What is a Fin Labs Capital Fundamental Analysis for Cheap?
Fundamental analysis is the process of looking at the basic or fundamental financial level of a business, especially:
- sales
- earnings
- growth
- potential
- assets
- debt
- management
- products
- competition
This type of analysis examines key ratios of a business to determine its financial health and gives you an idea of the value its stock.
Many investors use fundamental analysis alone or in combination with other tools to evaluate stocks for investment purposes. The goal is to determine the current worth and, more importantly, how the market values the stock.
The Top Down Approach to Fundamental Analysis
Usually fundamental analysis takes into consideration only those variables that are directly related to the company itself, rather than the overall state of the market or technical analysis data but here we are going to describe a top down approach to the typical fundamental evaluation: It starts with the overall economy and then works down from industry groups to specific companies.
As part of the analysis process, it is important to remember that all information is relative. Industry groups are compared against other industry groups and companies against other companies. It is important that companies are compared with others in the same group.
First and foremost in a top-down approach would be an overall evaluation of the general economy. When the economy expands, most industry groups and companies benefit and grow. When the economy declines, most sectors and companies usually suffer. Once a scenario for the overall economy has been developed, an investor can break down the economy into its various industry groups.
If the prognosis is for an expanding economy, then certain groups are likely to benefit more than others. An investor can narrow the field to those groups that are best suited to benefit from the current or future economic environment. If most companies are expected to benefit from an expansion, then risk in equities would be relatively low and an aggressive growth-oriented strategy might be advisable. A growth strategy might involve the purchase of technology, biotech, semiconductor and cyclical stocks.

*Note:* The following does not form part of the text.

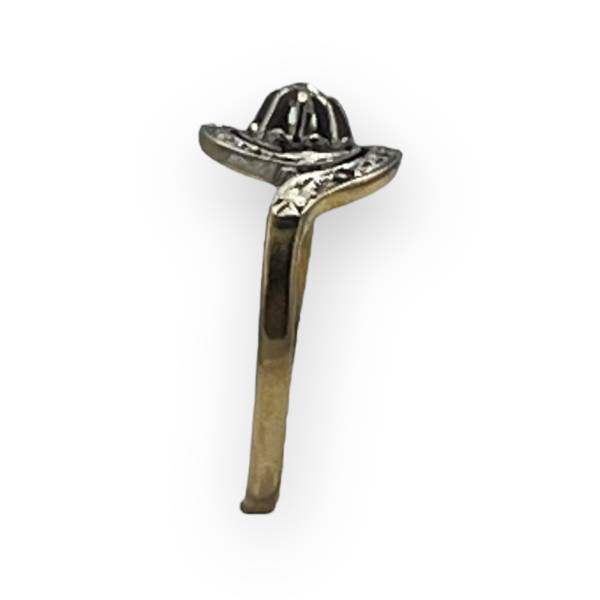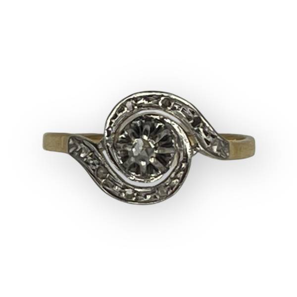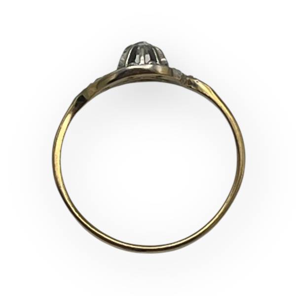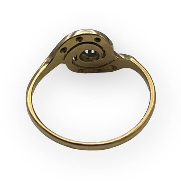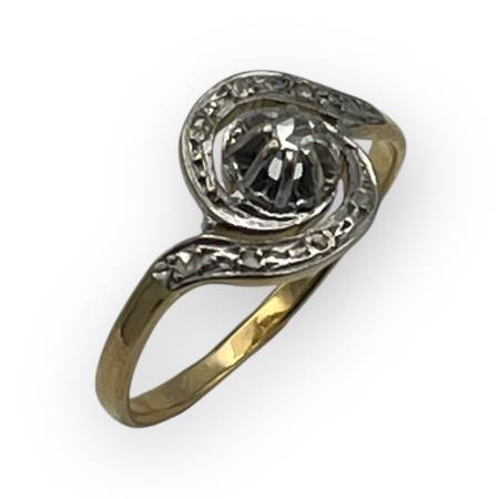 Un joli tourbillon en or blanc et oxydes de zirconium sur un anneau en or jaune. Fabrication française. Style ancien.

If the economy is forecast to contract, an investor may opt for a more conservative strategy and seek out stable income-oriented companies. A defensive strategy might involve the purchase of consumer staples, utilities and energy-related stocks.

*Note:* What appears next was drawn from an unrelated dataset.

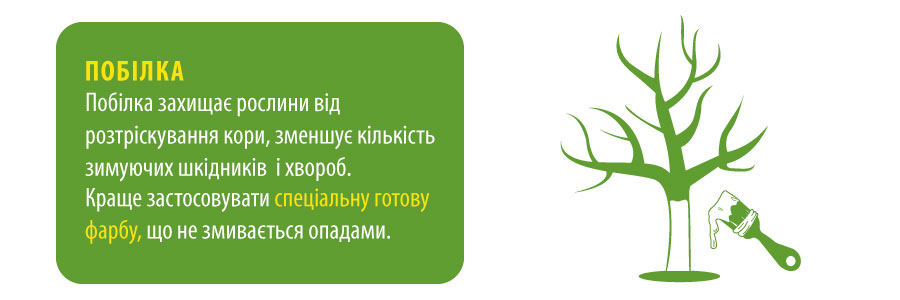 Жовтень - час завершення активного сезону для більшості плодово-ягідних культур. Основні роботи спрямовані на підготовку до зимового періоду, щоб забезпечити успішну зимівлю і гарний урожай наступного року. Важливо здійснити обрізку плодових дерев - видалення хворих, сухих та пошкоджених гілок. Це допоможе зберегти сили рослини і сприятиме кращому плодоношенню в наступному році. Побілка рослин під зиму обов‘язкова. Вона захищає рослини від розтріскування кори (читайте статтю) та зменшує кількість зимуючих шкідників та хвороб на стовбурі та гілках. Краще застосовувати спеціальну готову фарбу, що не змивається опадами.

To assess a industry group’s potential, an investor would want to consider the overall growth rate, market size, and importance to the economy. While the individual company is still important, its industry group is likely to exert just as much, or more, influence on the stock price. When stocks move, they usually move as groups
Once the industry group is chosen, an investor would need to narrow the list of companies before proceeding to a more detailed analysis. Investors are usually interested in finding the leaders and the innovators within a group. The first task is to identify the current business and competitive environment within a group as well as the future trends. How do the companies rank according to market share, product position and competitive advantage? Who is the current leader and how will changes within the sector affect the current balance of power? What are the barriers to entry? Success depends on an edge, be it marketing, technology, market share or innovation. A comparative analysis of the competition within a sector will help identify those companies with an edge, and those most likely to keep it.
At this point you will have a shortlist of companies and the final step to this analysis process would be to take apart the financial statements and come up with a means of valuation. Some of the more popular ratios are found by dividing the stock price by a key value driver.